Like George, Ada is oblivious to the unfolding health crisis. Hopefully, it will be just something her parents tell her about in the future, just like his parents talked about the Spanish Flu of 1918.

All I'd be doing is confusing him, causing him stress which his degenerated brain and dodgy heart could not process

Of course, these are different times. We are such an affluent country now with so many economic and medical resources to fight a pandemic in comparison to our forebears. Not only have we nutrition, sanitation and a sophisticated health service, we also have myriad ways to communicate when in solitary or isolated situations.

Isn’t it ironic that the much-maligned social media will save those of us living alone from cracking up? It is weeks since I interacted in a normal way with another human being.

I know Daddy would have a good chuckle at my “Alcatraz Vlog”. I’m sending it to family and some long-suffering friends in order to still feel a tactility with the outside world.

I’d love to send him the one in which I say I’ll bring all the logs up from the bottom of my garden to the back of the house and then – if necessary – bring them back down again. No mean feat since the garden is on an incline and the size of a field that could do with some TLC.

I’d love to tell him about the video I made about escaping from solitary confinement by bribing my guards with poitín and heading off to my favourite beach really early on the morning of Mother’s Day. I’d explain that I brought a flask of coffee, the box of heart-shaped chocolates the princesses had sent and my Uzi machine gun lest anyone came within a two-metre distance of me.

He would be really interested in the fact that my sister Breda and hubby Mick spent a night lately in their camper van overlooking a Normandy beach with its second World War ramparts as they tried to get a ferry home from a cut-short skiing holiday.

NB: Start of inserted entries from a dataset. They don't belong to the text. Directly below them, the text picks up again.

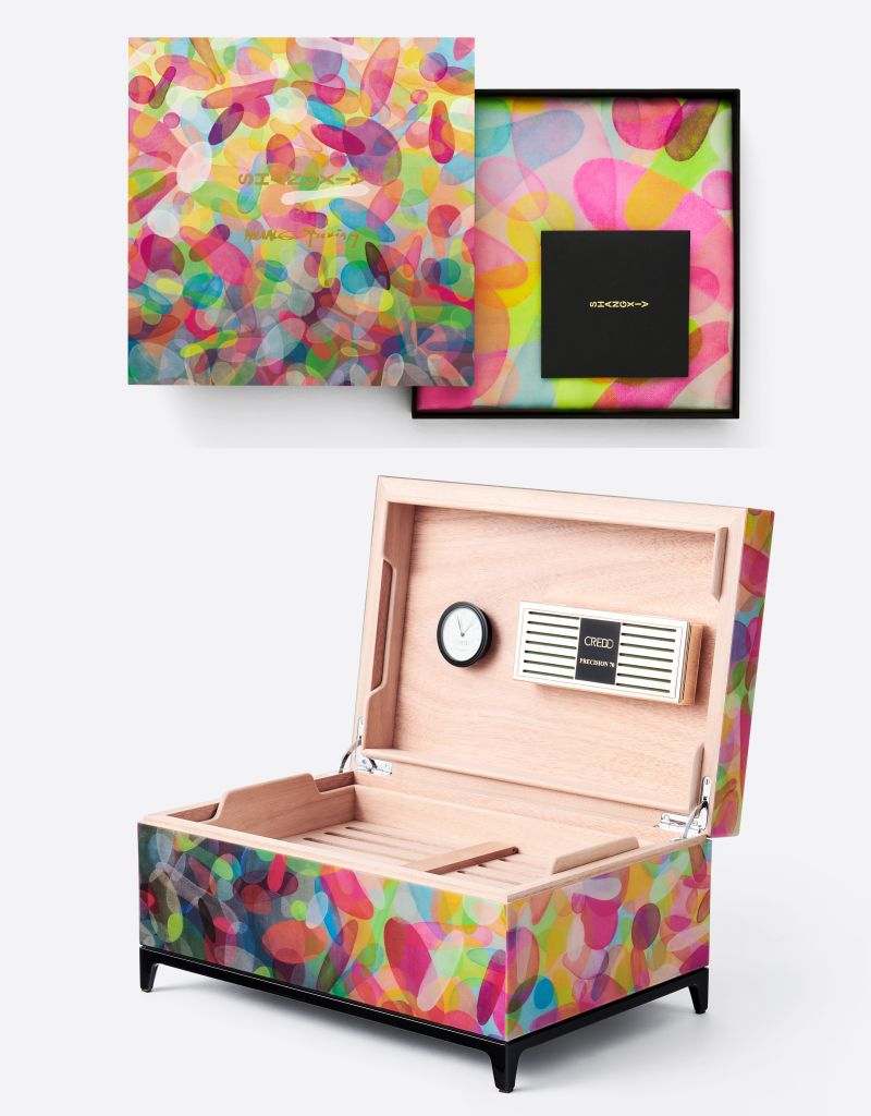 《氣泡》裝飾圖案呼應碳纖維材質輕巧質感,多元美感和諧相融,以屏風、條案、擱架及雪茄盒豐富形式自由融入現代家居場景;深藍色、粉紫色與朱紅色不規則橢圓形,透過絲巾,碰撞出輕盈躍動愉悅感。
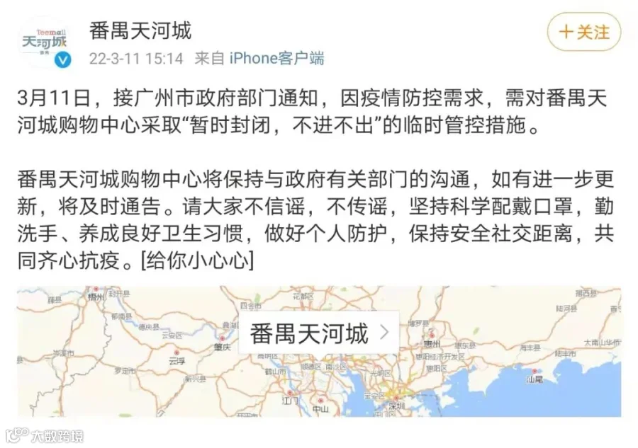 3月11日,番禺天河城在其官方微博发布通知,通知称,接广州市政府部门通知,因疫情防控需求,需对番禺天河城购物中心采取“暂时封闭,不进不出”的临时管控措施。
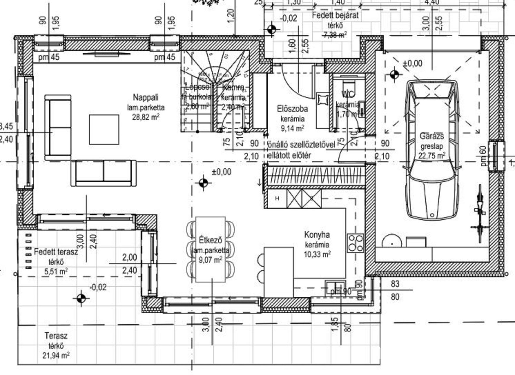 Tágas, világos terek, kényelmes elrendezés. Nagyobb családok számára is alkalmas ház.

He’d have a good laugh at how I “self-isolated” my debit card for three days after it went two cents over the €30 limit, scuppering a contactless payment when I finally braved my way to a garage to get petrol.

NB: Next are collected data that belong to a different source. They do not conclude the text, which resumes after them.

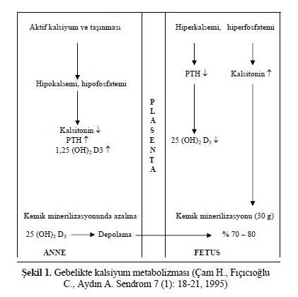 İntrauterin dönemde kemik minerilizasyonu anneden fetusa yeterli miktarda kalsiyum ve fosfor geçişi ile olmaktadır. Kalsiyum birikiminin % 70’i gebeliğin son 3 ayında gerçekleşir. Gebeliğin ilerlemesiyle annedeki kalsiyum miktarı düşerken, fetusun kalsiyum düzeyleri ise gebeliğin 28. haftasından itibaren annedeki düzeylerin üzerine çıkmaktadır. Gebelik süresince oluşan hormonal değişiklikler kalsiyum metabolizmasını etkilemektedir. Annedeki parathormon düzeyleri normaldir, ancak biyolojik aktivitesi yüksektir (Şekil 2). Maternal parathormon ve kalsitonin plasentadan geçmez. Halbuki depo D vitamini 25 (OH)D2 (kalsitriol) plasentadan geçer. Eğer maternal D vitamini deposu düşük ise fetusun kalsitriol düzeyleri de düşük olacaktır. Maternal kalsitirolün fetusa geçişi çok azdır. Buna karşılık fetusun kalsitriol sentezlenmesinde herhangi bir defekt bulunmamaktadır. Gebelik ve emziklilikte 1000 mg/gün kalsiyum alımı önerilmektedir.
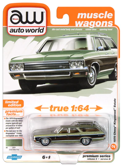 Auto Worldin eli AW:n Premium Series Muscle Wagons 1970 Chevy eli Chevrolet Kingswood Estate -pikkuauto, värissä Green Mist Poly. Pyörivät kumiset renkaat ja aukeava konepelti.
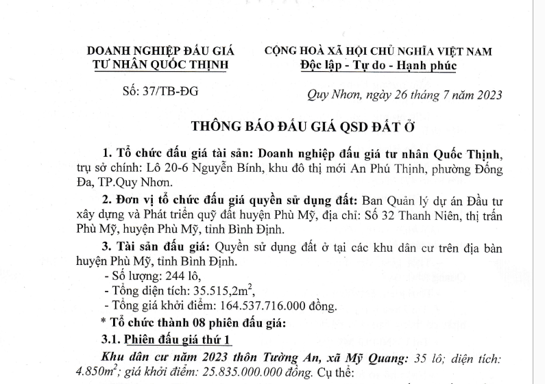 THÔNG BÁO ĐẤU GIÁ QSD ĐẤT Ở TẠI CÁC KHU DÂN CƯ TRÊN ĐỊA BÀN HUYỆN PHÙ MỸ, TỈNH BÌNH ĐỊNH
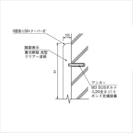 ・消灯直後は明るく発光します。30分後〜1時間では、徐々に発光が薄くなります。1時間後〜10時間では、文字の形が目視できる残光状態です。 [品番/呼称]NST01 [サイズ]H150mm、W80mm、D10mm [重量]110g [材質]エポキシ系樹脂・蓄光ガラスビーズ [仕上げ]クリアー塗装 [ご注意] ・文字を発光させるためには、事前に光りを当てておく必要があります。 ・アンカーと接着にて施工します。
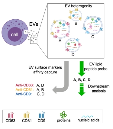 图3. 如针对EV的表面蛋白进行免疫捕获,会因为EV的异质性得到不同的亚群,难以合理的对EV进行富集。针对膜的多肽探针捕获策略可以从另一个维度纵向富集EV。

But then I’d have to explain the coronavirus context and why would I do that?

All I’d be doing is confusing him, causing him stress which his degenerated brain and dodgy heart could not process.

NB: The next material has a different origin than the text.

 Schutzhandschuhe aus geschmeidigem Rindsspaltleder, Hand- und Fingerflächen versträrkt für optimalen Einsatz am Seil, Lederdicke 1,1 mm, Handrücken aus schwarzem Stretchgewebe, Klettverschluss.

Instead I’m gong to send him a picture of the two pet robins I have adopted. I’ve christened them Randolph and Rowena. They wait on a table outside my living room every morning until I bring them out a muesli of sesame and sunflower seeds.They are way too busy to be worrying about pandemics as they build their nests. In the evenings, if there is even a sliver of sunshine, they congregate in the treetops and join in the most musical choruses.

Full of hope, just like the Italians we have been watching sing and play music from their balconies.